In the article, “Embodying Immortality: Angels in America’s Rural Garden Cemeteries, 1850—1900”, pages 56 – 111, 2007 edition of Markers, XXIV, written by Elisabeth Roark, she categorized the eight most commonly found types of graveyard angels—which included recording angels.
The recording angels depicted here are shown with wings. Winged figures in a cemetery are instantly recognize as an angel–a messenger of God. However, Christian art did not depict angels with wings until the fourth century. Before then, angels were represented in several different forms–sometimes in human form, but also represented as a dove, or even just as a hand reaching down to Earth from the Heavens. Beginning with the reign of Constantine, angels began being depicted with wings, as we commonly portray them today. “Based on the winged Greco-Roman Nike or Victory, their form thus embodied Christianity’s promised triumph over death. Medieval and Renaissance tombs often featured angels that attended images of the deceased.”
This recording angel, carved out of white marble, has an open book resting on his knee and a quill in his hand. The angel is youthful, dressed in a short, knee-length tunic. These depictions are reminiscent of “boyish winged figures that appeared on ancient Roman sarcophagi and are considered another possible source for Christian angels.”
The angel is clearly poised to write in the book. Here the angel is registering the name of the deceased into the Book of Life. In Judaism and Christianity, the names of the righteous were recorded in the Book of Life; they were assured entry into Heaven.
The Book is referenced many times in the Bible (King James Version), including Revelation, Chapter 20,
Verse 12: “And I saw the dead, small and great, stand before God: and the books were opened: and another book was opened, which is the book of life: and the dead were judged out of those things which were written in the books, according to their works.”

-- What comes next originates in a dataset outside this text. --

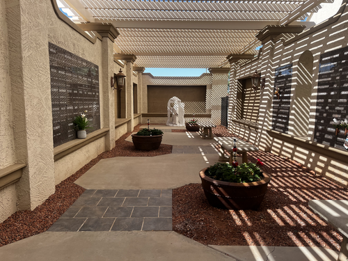 Our Memorial Garden is located behind our South Building, 23914 S. Alma School Rd. and is open 24 hrs a day.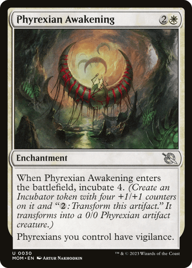 When this enchantment enters, incubate 4. (Create an Incubator token with four +1/+1 counters on it and "{2}: Transform this token." It transforms into a 0/0 Phyrexian artifact creature.) Phyrexians you control have vigilance.

Verse 13: “And the sea gave up the dead which were in it; and death and hell delivered up the dead which were in them: and they were judged every man according to their works.”
Verse 14: “And death and hell were cast into the lake of fire. This is the second death.”
Verse 15: “And whosoever was not found written in the book of life was cast into the lake of fire.”
Not all of the recording angels are depicted writing names into books. The angel in the bas-relief from the Cave Hill Cemetery at Louisville, Kentucky, is writing the name onto a shield.
And in some cases, the recording angel is depicted as a cherub.